Despite the positive impact of diversity on campus climate and cross-racial interactions as demonstrated in research findings, the Fisher case casts a long shadow over the future use of explicitly race-sensitive means to attain student body diversity.

As highlighted in Alvin Evans’ and my recent book: Affirmative Action at a Crossroads: Fisher and Forward, three of the most critical developments resulting from Fisher with implications for college and university admissions policies are:

1) the Supreme Court has moved from consideration of the value of diversity itself to the means colleges and universities use to attain it; 2) the reviewing court, not the university, “must ultimately be satisfied that no workable race-neutral alternatives would produce” the educational benefits of diversity (Fisher v. University of Texas); and 3) universities must first exhaust race-neutral measures before race-sensitive factors are considered. The necessity of race-conscious practices was not acknowledged by the Court and even if such practices might be considered, they require substantial proof that workable, race-neutral strategies have been exhausted. As a result, race-conscious strategies cannot be used easily and without substantial proof/justification.

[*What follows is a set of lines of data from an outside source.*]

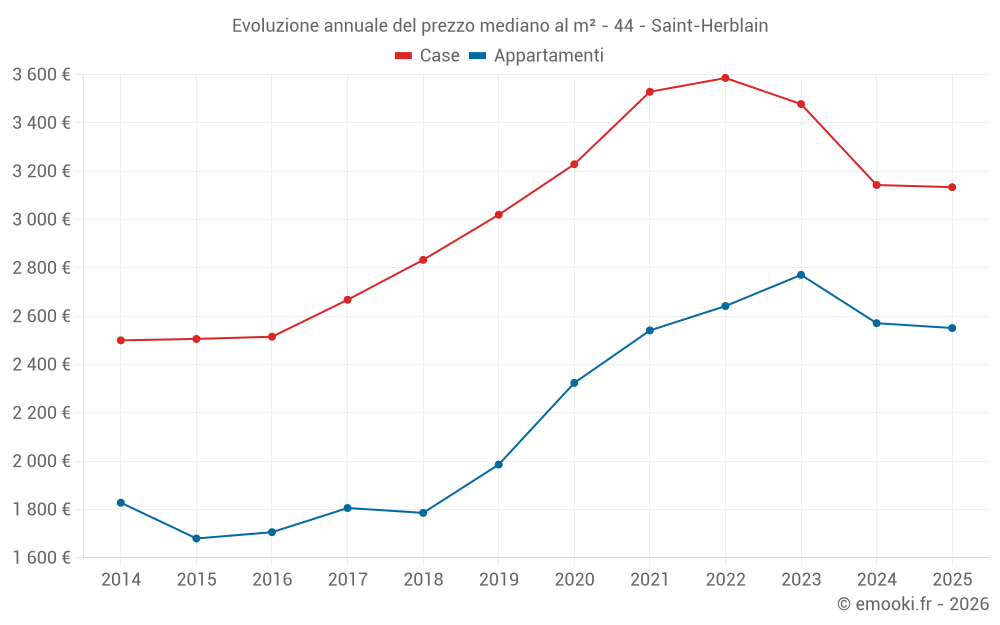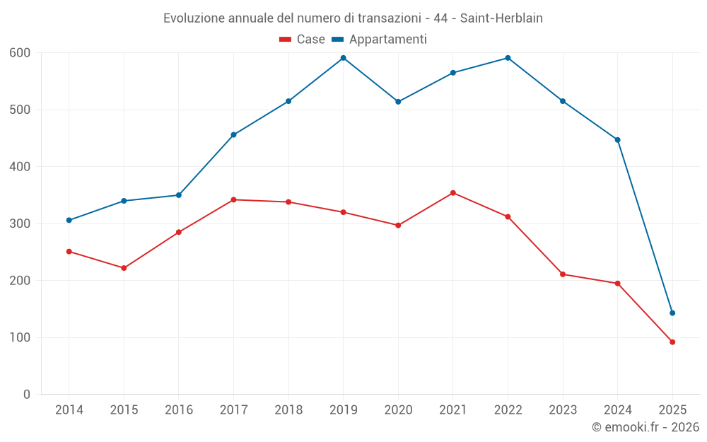 Il prezzo mediano sulle 92 transazioni di case degli ultimi 6 mesi nel comune di Saint-Herblain era di 3 134 € al metro quadrato per un valore patrimoniale mediano di 281 550 €. In questo periodo il 60% delle transazioni era tra 2 603 e 3 764 € al metro quadrato (dal 2° all'8° decile).
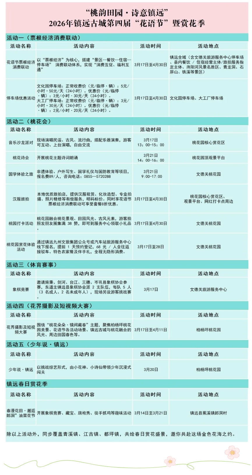 2026年“桃韵田园・诗意镇远”镇远古城第四届“花语节”暨赏花季启幕啦!五大活动燃情来袭!这个春日,镇远古城欢迎您来赏花踏春,亲身感受镇远春日的美好与惬意。
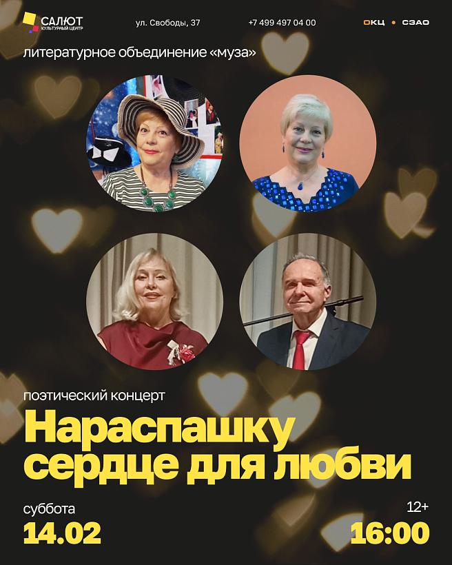 ЛИТО «Муза» приглашает на поэтический вечер, где Любовь прозвучит во всех её проявлениях — к жизни, Родине, семье, детям, природе и миру вокруг.
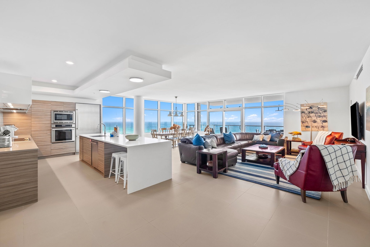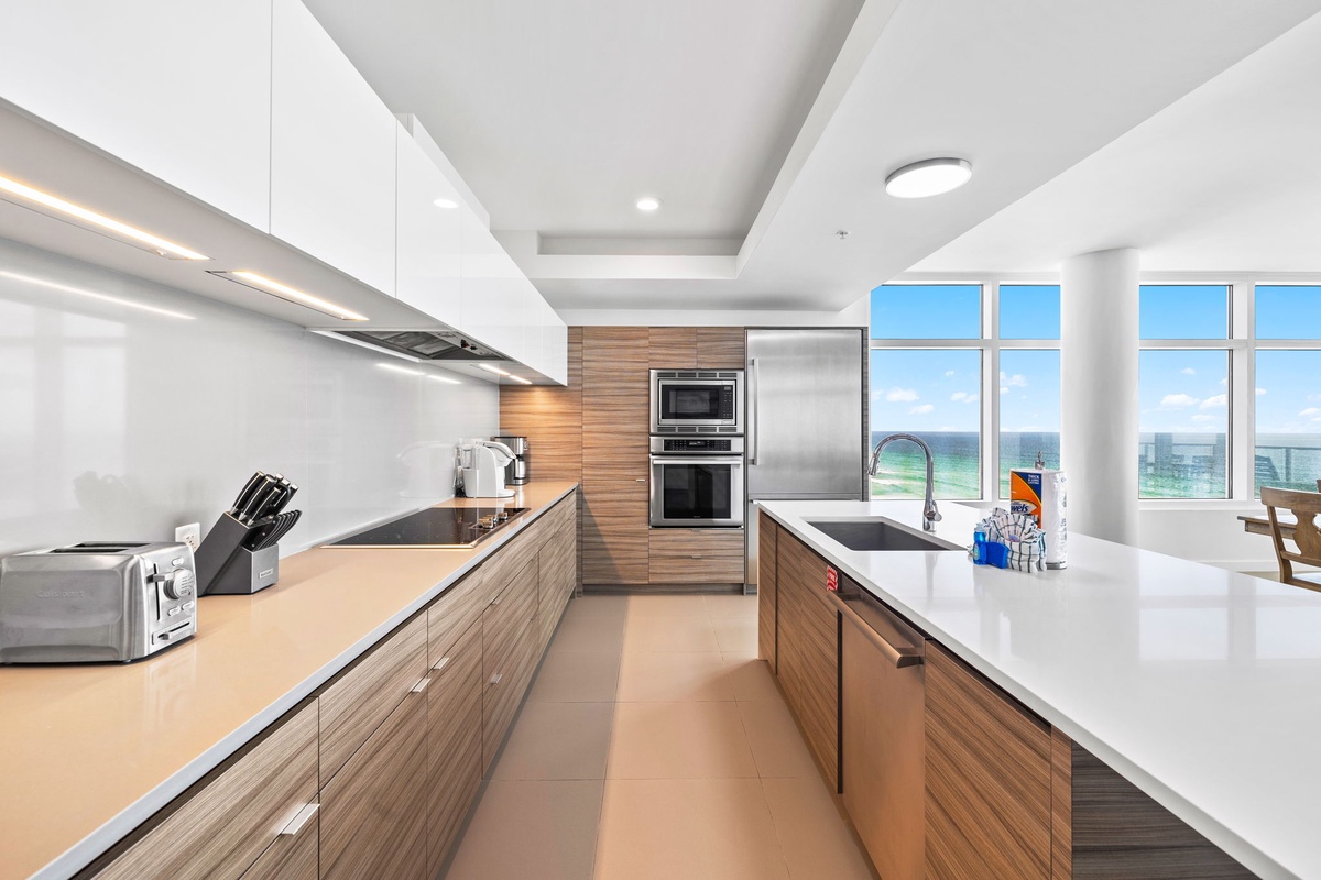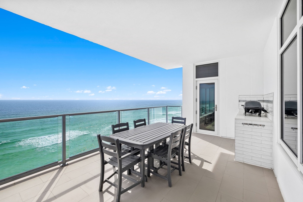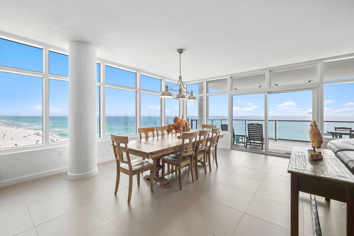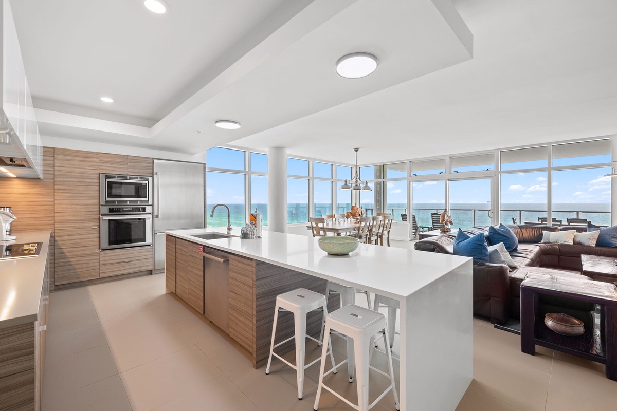 Vacation in luxury at 1900 Ninety-Eight 801. This breathtaking eighth-floor, four-bedroom, three-bathroom condo spans over 2,600 square feet, offering high-end furnishings and exquisite design throughout. The custom kitchen is a chef’s dream, featuring sleek cabinets, marble countertops, and premium stainless-steel appliances. Floor-to-ceiling windows flood the living and dining areas with natural light, creating a seamless connection between indoor and outdoor spaces. Enjoy meals with an Eastern view at the dining table for eight or gather around the kitchen island with additional seating for four. Relax in the spacious living room on a large sectional, ideal for unwinding with your favorite movie and a snack. Step outside to the balcony to take in the fresh salty air, lounge on the comfortable outdoor furniture, or fire up the private grill for dinner.
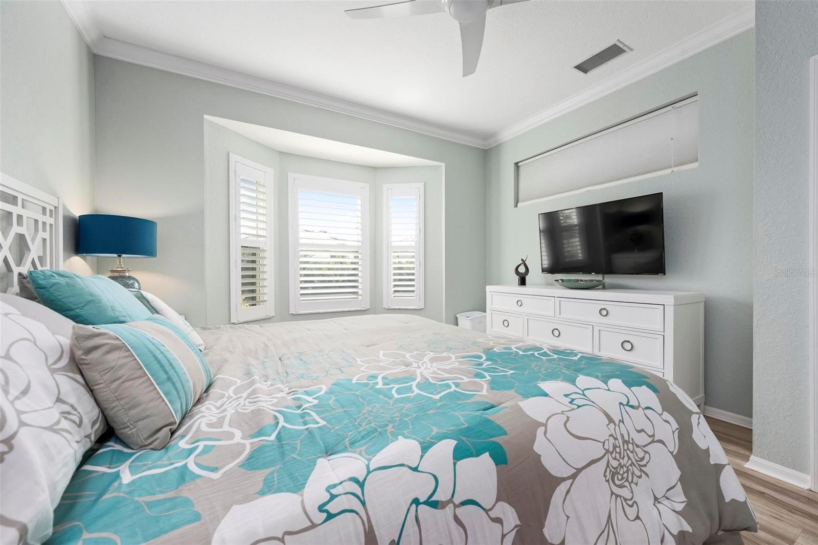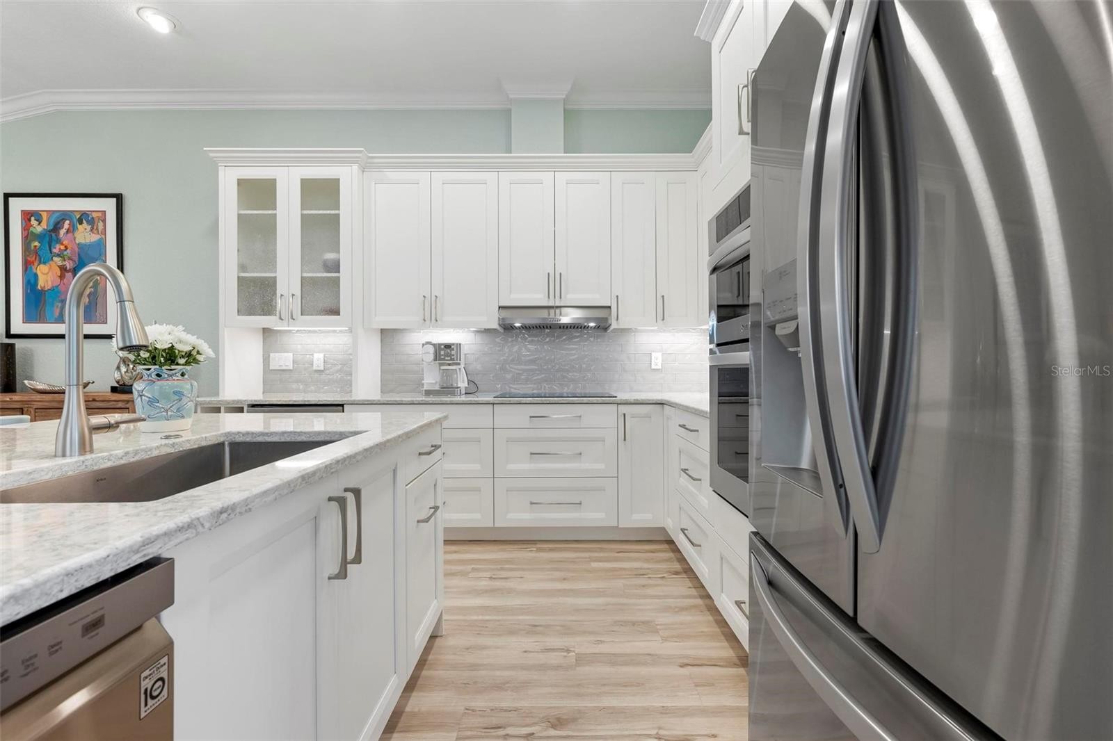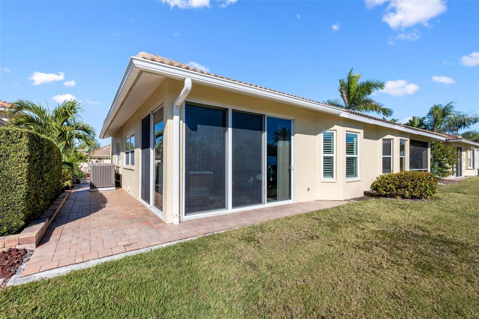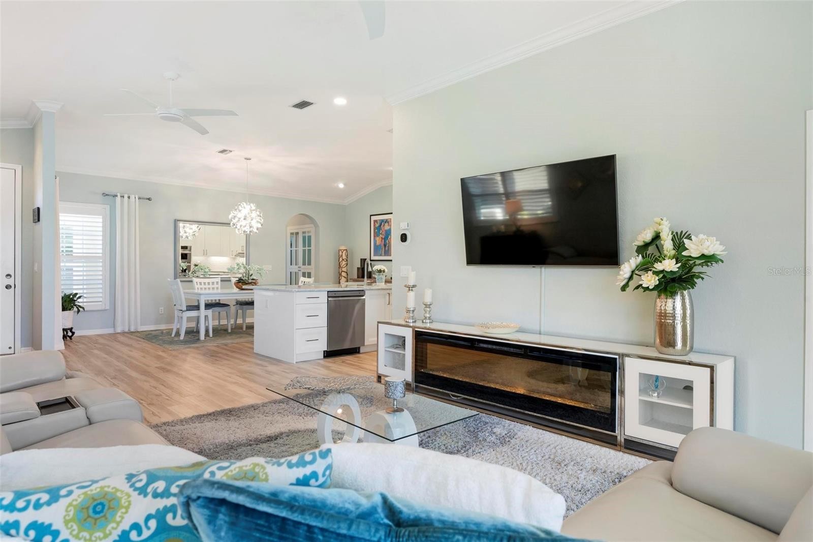 Exquisitely renovated 2 bed/2bth villa showcasing tranquil pond views. This impeccable residence features all new flooring, crown molding, plantation shutters, curated lighting & ceiling fans. The chef kit. is beautifully appointed w/quartz, built in bev. cooler, LG stainless, induction cooktop, soft close cabinet/drawers. upper & lower cab. lighting. perfect for both intimate gatherings & upscale entertaining. A private front courtyard w/sidewalk leading to pond creates a gracious arrival, while the glassed enclosure w/screens and dedicated AC unit offers breathtaking water views. The baths boast spa-like featured tiled showers & quartz vanities. Additional upgrades include New HVAC, All new impact windows & sliders, New water heater. The 2 car garage has electric vehicle charger, new epoxy flooring and ample custom cabinetry. This exceptional Villa delivers sophisticated, low-maintenance living in a serene & picturesque setting. This is an absolute show stopper.

One of the important factors in the UT Austin admissions policy that is not adequately clarified in the new research paper, is that 90 percent of the available seats at public institutions of higher education in Texas fall under the top ten percent plan (TTP). This plan that automatically admits high school students in the top ten percent of their class to public institutions of higher education in Texas was viewed by the Court and conservative think tanks as a “race-neutral plan.” Instead, the Court narrowly focused on the very modest 10 percent of the seats that are based on a holistic admissions review process which after 2004 allowed the consideration of race as a “special circumstance.” In 2013, the Supreme Court remanded the case to the Fifth Circuit for reconsideration of the use of race in the Personal Achievement Index employed for 10 percent of the entering class, and the Court of Appeals upheld UT Austin’s use of race. An appeal of the Fifth Circuit’s decision to the Supreme Court, once again sponsored by Blum, will result in a ruling likely to be issued in June.

Given this uncertainty, some caution needs to be applied to the findings of this new research paper confirming

that the use of race and ethnicity in the admission process can be an important tool for institutions to use to achieve their diversity goals because it lays a foundation for interracial interactions and campus climate (p. 19).

As noted in the paper, however, the institutional mission and the context for diversity are essential aspects of establishing the groundwork for diversity and inclusion policies. Viable means of achieving student body diversity also noted in the paper include recruitment and outreach to underrepresented groups, need-based financial aid, and scholarships based on first-generation or socio-economic status.

The future of race-conscious strategies in admissions processes hangs in the balance with lawsuits filed by the conservative Project on Fair Representation against Harvard University and the University of North Carolina at Chapel Hill. Given the death of Antonin Scalia and since Justice Elena Kagan has recused herself on the Fisher appeal, per Adam Liptak of the New York Times and others the ruling of the remaining seven justices on the Fisher case could be narrowly confined to the “idiosyncratic Texas plan” or broadly affect admissions policies nationwide.

One can only hope that greater leverage will be granted to colleges and universities in admissions policies that foster the attainment of more compositionally diverse campuses.